Pédophilie : l'archevêque de Boston nous répond
Apr 16, 2008
Rome, le 16 avril 2008 - E.S.M. - Le cardinal O'Malley a modifié le mode de gouvernement du diocèse, en faillite après la déplorable gestion de la crise des prêtres pédophiles. Toutefois, il existe une tension entre le communautarisme des uns et le sens de la communion des autres dans une société américaine qui cultive l'individualisme.
Comment avez-vous cherché à résoudre la crise des prêtres pédophiles à Boston ?
Sous la pression des médias, il s'est agi de faire face à la crise en jouant mon rôle d'évêque. Ne rien nier de la vérité, surtout devant les victimes, tout en soutenant fermement les prêtres et les laïcs qui, dans leur quasi-totalité, étaient innocents. J'ai décidé de vendre le palais épiscopal (100 millions de dollars) au Boston College. Ainsi, les dédommagements ont été couverts sans peser sur les finances des paroisses et des écoles. Pour affronter le scandale des abus sexuels, avec tous les catholiques, nous nous sommes purifiés et recentrés sur l'essentiel.
Quel objectif cherchez-vous à atteindre désormais ?

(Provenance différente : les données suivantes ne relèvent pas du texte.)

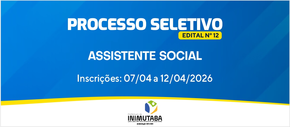 PROCESSO SELETIVO SIMPLIFICADO PARA CONTRATAÇÃO DE ASSISTENTE SOCIAL – EDITAL Nº 12/2026 07/04/2026 3:39 PM Leia mais »

Dans un diocèse de 2 millions de catholiques, avec cinq universités catholiques et 250 000 étudiants en résidence sur les campus, je me concentre sur la formation des laïcs, pour favoriser les vocations, en particulier au sacerdoce et au mariage, et trouver le sens de notre mission afin que chacun participe à la construction de « la civilisation de l'amour ». Pour cela, il a fallu remettre à flot les écoles et les hôpitaux catholiques dont les comptes étaient dans le rouge. Désormais, ils peuvent continuer leur mission sociale et éducative. Avec 1 400 prêtres, le diocèse de Boston est riche en personnes et en moyens que nous partageons amplement.
Quelles sont vos difficultés ?
Alors que nous vivons dans la prospérité et le matérialisme, subsiste un certain sens religieux. Toutefois, il existe une tension entre le communautarisme des uns et le sens de la communion des autres dans une société américaine qui cultive l'individualisme. Bien qu'il ne passe pas par Boston lors de sa visite prochaine, nous attendons beaucoup de Benoît XVI.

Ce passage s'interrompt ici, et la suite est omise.